**Action item:**
I'd like the listing below copied exactly, with the images left out.

**Input data:**
[Start of Attachment]

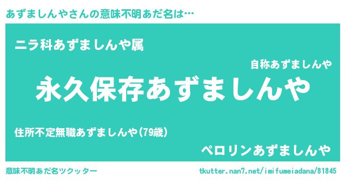 | 男性向けラノベタイトル風あだ名 | 『あずましんやという概念が存在しない退屈な世界 』 |
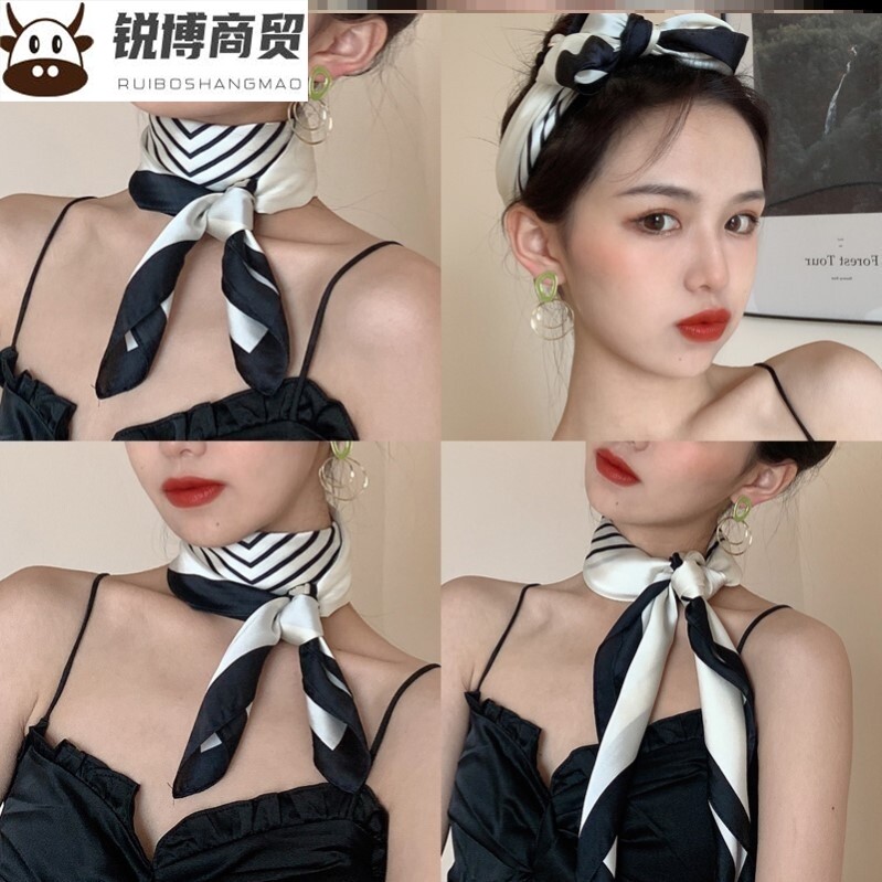 Korean small square scarf female Korean version all-match long strip sunscreen collarbone silk scarf thin section net red headband scarf spring and autumn scarf
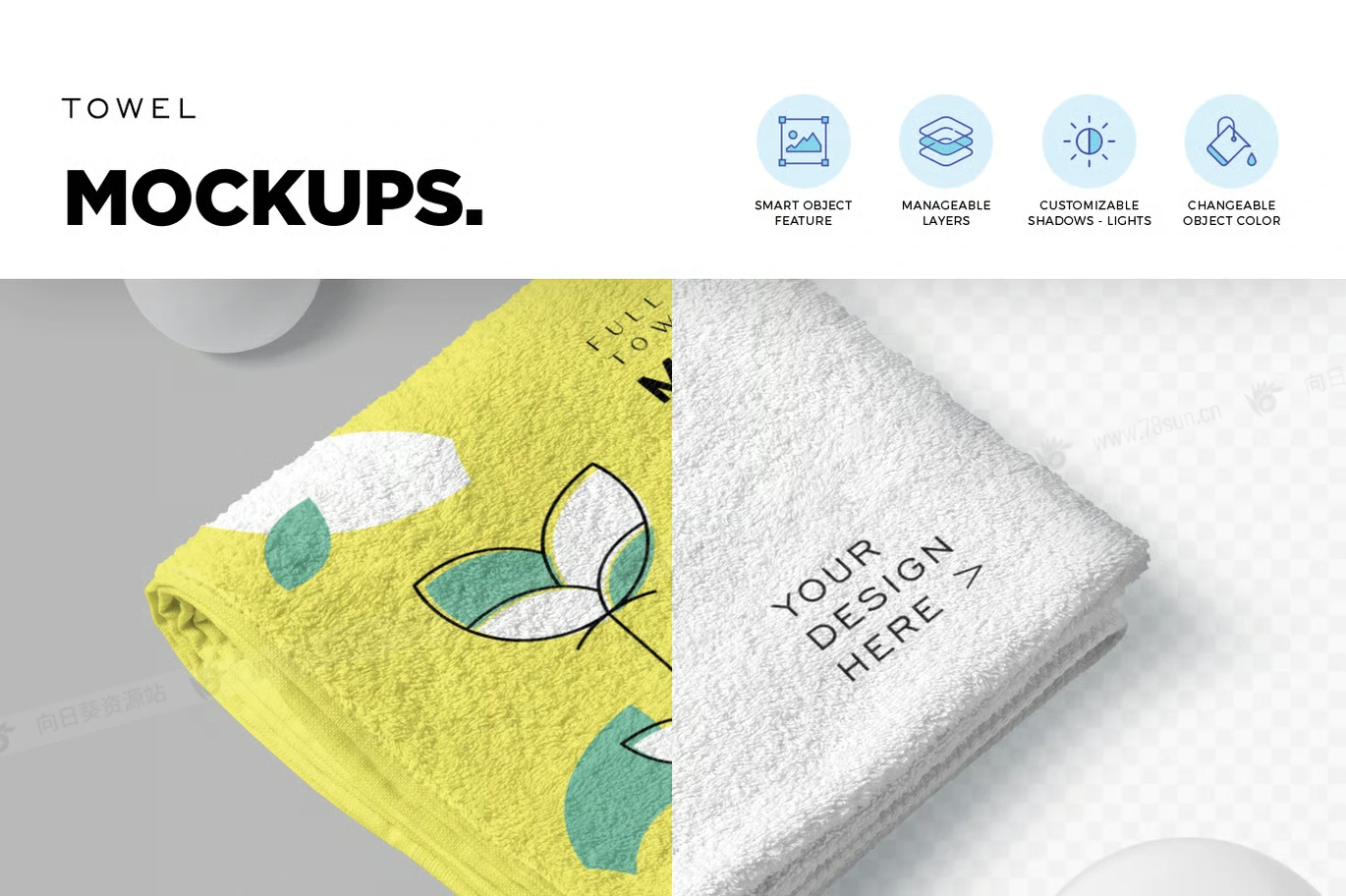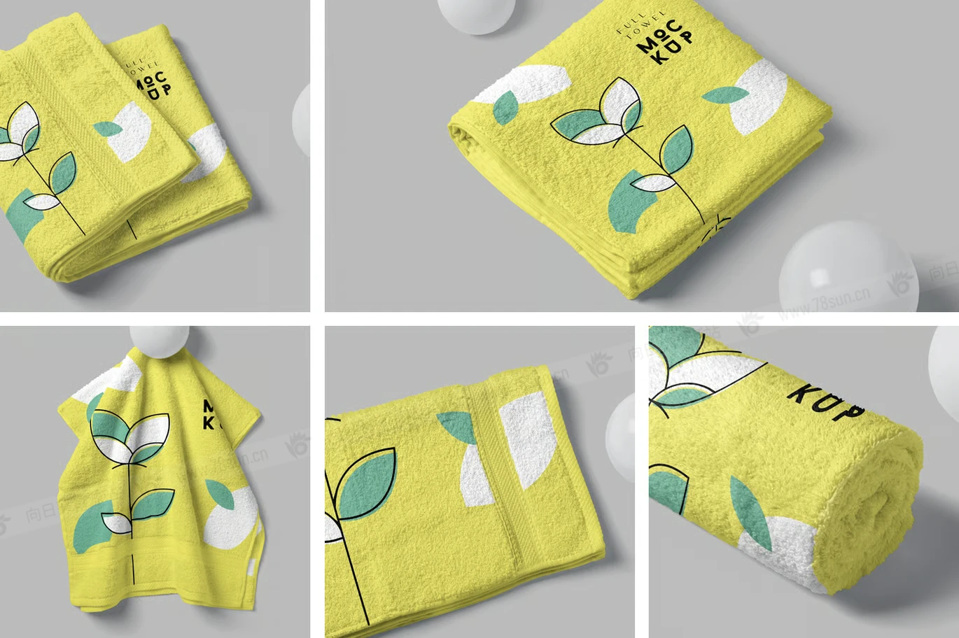 毛巾品牌VI效果图展示智能贴图psd设计样机。这些模型为所有自定义提供智能对象和命名良好的图层。

[End of Attachment]

**The completed task:**
 | 男性向けラノベタイトル風あだ名 | 『あずましんやという概念が存在しない退屈な世界 』 |
 Korean small square scarf female Korean version all-match long strip sunscreen collarbone silk scarf thin section net red headband scarf spring and autumn scarf
 毛巾品牌VI效果图展示智能贴图psd设计样机。这些模型为所有自定义提供智能对象和命名良好的图层。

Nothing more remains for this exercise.